The coral bean (Erythrina herbacea) is an attractive, showy shrub that holds almost year-round interest. In the spring, the coral bean is adorned with gorgeous ornamental, tubular flowers. In the summer and into the fall, the flowers turn into long pods with brilliant red seeds inside. These red seeds are highly toxic to humans and many animals if ingested. The foliage of the coral bean is heart-shaped and glossy dark green, and the trunk and branches are covered in small curved thorns. The tubular flowers are also highly attractive to hummingbirds who are drawn to the sweet nectar inside of them.
This shrub is easy-to-grow and requires little attention once established. Learn how to grow the coral bean and appreciate its beauty all year round.

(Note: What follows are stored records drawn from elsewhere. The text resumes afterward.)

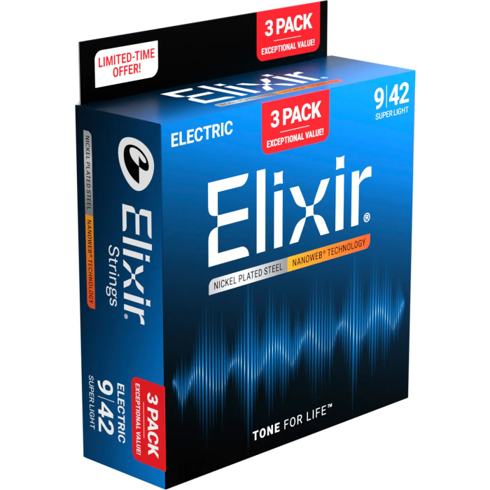 Elixir Pack 3 Cuerdas Guitarra Eléctrica Nanoweb Nickel Plated Steel Super Light 9-42
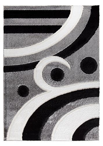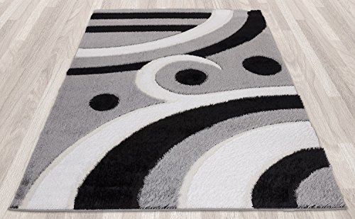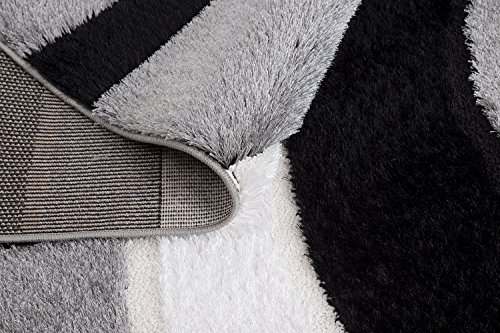 - Title : Casa Regina Shaggy Collection Grey and Black Contemporary Abstract Design (5'3"x7'3") Shag Area Rug
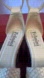 Felmini Python Leather Platform Clogs with Wooden Heel and ankle straps. Step into style with these white and brown platform clogs, featuring a distinctive chunky, wooden heel and a chic perforated Python leather upper. The open-tow design and studded trim all around add a touch of retro flair! They are perfect for both casual and dressy occasions. Experience comfort and elegance with every step. The left shoe has some minor scratches on the back.

|Botanical Name||Erythrina herbacea|
|Common Name||Coral bean, Cherokee bean|
|Plant Type||Perennial shrub|
|Mature Size||8-10' tall|
|Sun Exposure||Direct sun, part shade|
|Soil Type||Sandy, well-draining soil|
|Native Area||United States, Mexico|
How to Grow the Coral Bean
The coral bean is a low-maintenance flowering perennial shrub that grows in warm-season climates around the world but is native to Mexico and parts of the United States. Once established, the coral bean requires little maintenance. It makes a great addition to any garden bed or shrub border. The coral bean shrub is also salt-tolerant which makes it an excellent choice for gardeners living on coastal landscapes.
Seeds are poisonous to humans if ingested. Take care around children.
The coral bean shrub blooms most profusely when grown in a full sun location. However, it can tolerate dappled sun as well as it naturally occurs along the edge of woodlands and forests.
The coral bean is adaptable to a wide range of soil types but appreciates sandy, acidic soil. Ensure that the potting medium is well-draining as the coral bean’s roots cannot tolerate sitting in water.
For the first growing season, water the coral bean once a week to help encourage growth. This shrub does not tolerate ‘wet feet’ and should never be left waterlogged. Once established, the coral bean is considered to be a drought-tolerant shrub and may only require supplemental watering during abnormally long dry periods.
Temperature and Humidity
To survive as a perennial, the coral bean requires warm temperatures and thrives in USDA zones 8-11. In regions that experience cold winters with freezing temperatures, the coral bean can be grown as an annual if desired.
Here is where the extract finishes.